Enfin, la dernières catégorie, qui regroupe le « socialisme et le communisme critico-utopiques », inclue notamment les courants fouriéristes et owenistes, qui cherchent à dépeindre dans ses moindres détails la société future, voire à la réaliser sous formes d’ilots, tout en repoussant l’action politique révolutionnaire. Ce sont les courants qui feront plus tard l’objet d’une critique détaillée sous la plume de Friedrich Engels dans l’anti-Dühring, que l’on retrouve en brochure sous le titre Socialisme utopique et socialisme scientifique et socialisme utopique. La critique est moins sévère, car Marx leur reconnait avoir posé les bases du programme prolétarien. Ce qui est plus intéressant, c’est qu’il attribue leurs limites à celles du prolétariat naissant. Là encore, la pensée reflète les formes sociales, conformément à la conception matérialiste de Marx. Ce courant persiste aujourd’hui sous toutes les formes qui préconisent la possibilité de communautés non-capitalistes ici et maintenant, notamment toutes les variantes coopérativistes et autogestionnaires que l’on peut trouver dans le mouvement libertaire, pour ne prendre que ce seul exemple.
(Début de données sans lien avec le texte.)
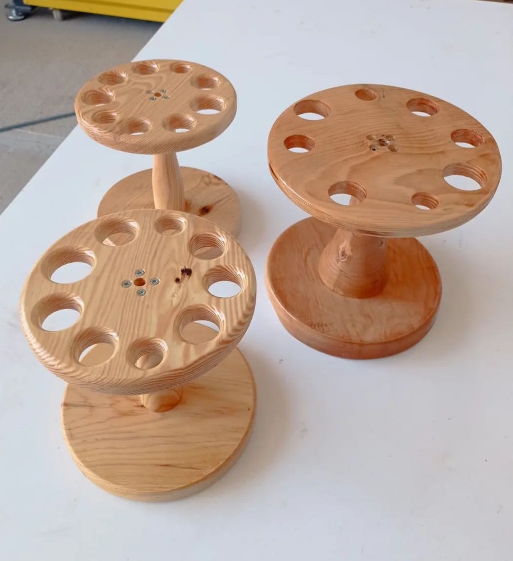 Ahşap Tarak Stantı, saç tarağı, tarak ve diğer saç aksesuarlarınızı organize etmek ve saklamak için pratik bir çözümdür. Bu el yapımı stant, kaliteli ve dayanıklı ahşap malzemeden üretilmiştir ve uzun ömürlü kullanım için tasarlanmıştır. Her bir stant, doğal ahşap rengiyle rustik bir görünüm sunar ve her türlü banyo veya makyaj masası dekoruna uyum sağlar.

Dans la préface de l’édition anglaise de 1888, Engels expose de manière bien plus claire encore le lien qu’ils établissaient alors entre communisme et classe ouvrière : « En 1847, le socialisme signifiait un mouvement bourgeois, le communisme, un mouvement ouvrier. Le socialisme avait, sur le continent tout au moins, ses entrées dans le monde, pour le communisme, c’était exactement le contraire. Et comme, dès ce moment, nous étions d’avis que ‘l’émancipation des travailleurs doit être l’œuvre des travailleurs eux-mêmes’, nous ne pouvions hésiter un instant sur la dénomination à choisir. Depuis, il ne nous est jamais venu à l’esprit de la rejeter. »
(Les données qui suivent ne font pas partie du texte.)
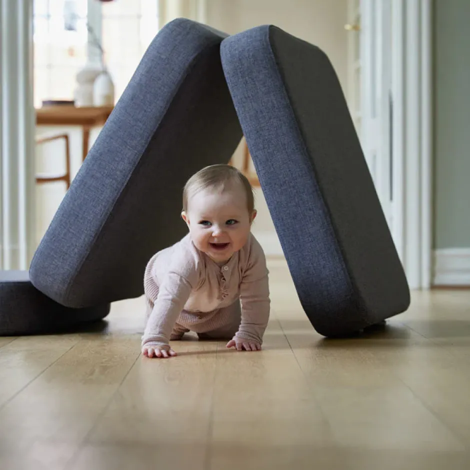Mål:Foldet som en sofa/loungemøbel: H: 36 x B: 70 x L: 70 cm.Foldet ud som en gæstemadras/tumlegulv: H: 12 x B: 70 x L: 210 cm.

Or, ce que Marx décrit des différentes variantes de socialisme, c’est exactement ce qui est arrivé au communisme et au marxisme par la suite : différentes lectures se sont imposées au cours de l’histoire, qui exprimaient les intérêts de classes différentes : nationalisme de la bureaucratie en URSS, modernisme de la petite-bourgeoisie du tiers-monde, révoltes paysannes, et ainsi de suite. C’est l’un des mérites de Mansoor Hekmat que d’avoir mis l‘accent sur l’importance de ce constat : pour lui, les « déviations » du marxisme ne sont pas des erreurs, mais l’expression politique de classes sociales différentes qui, pour des raisons historiques, emploient le vocabulaire du marxisme pour exprimer leur idéologie.
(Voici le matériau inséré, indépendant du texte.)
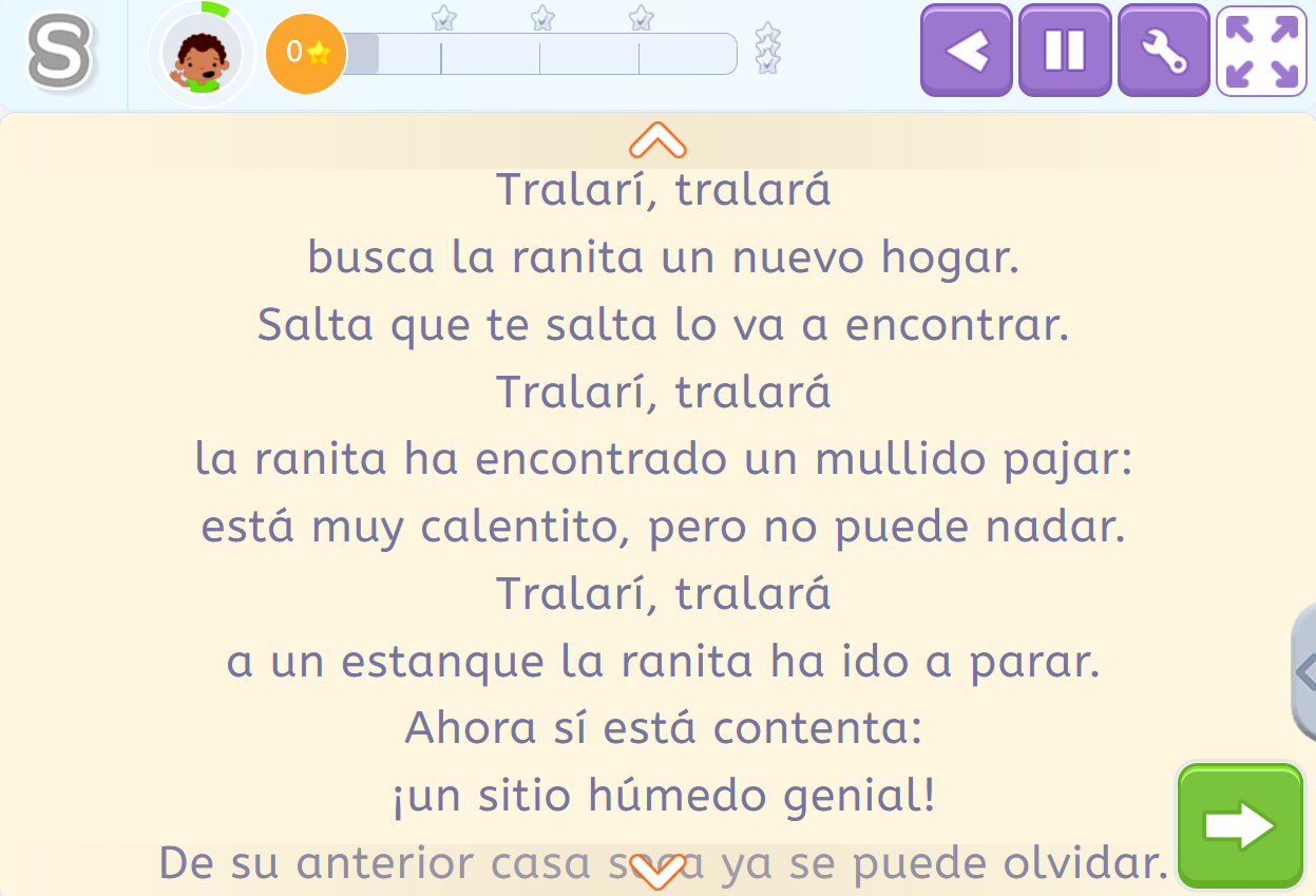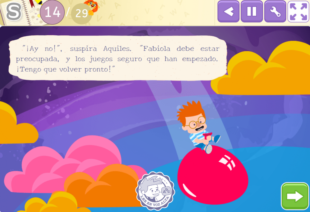 Poco a poco, se le va dando un papel más activo: se intercalan fragmentos locutados con otros que el niño debe leer en voz alta, favoreciendo así su participación y autonomía. Esta progresión está pensada para acompañar el desarrollo lector de forma natural, reforzando su confianza al enfrentarse a la lectura.

C’est pourquoi, s’il existe aujourd’hui une multitude de « marxismes » différents et divergents, il est important de lire Marx du point de vue de la classe ouvrière et d’insister sur le caractère ouvrier du communisme. Cela constitue, le plus souvent, une bonne façon de trier entre ce que Paul Mattick appelait « le marxisme, dernier refuge de la bourgeoisie », et ce que le communisme offre encore de perspective révolutionnaire aujourd’hui.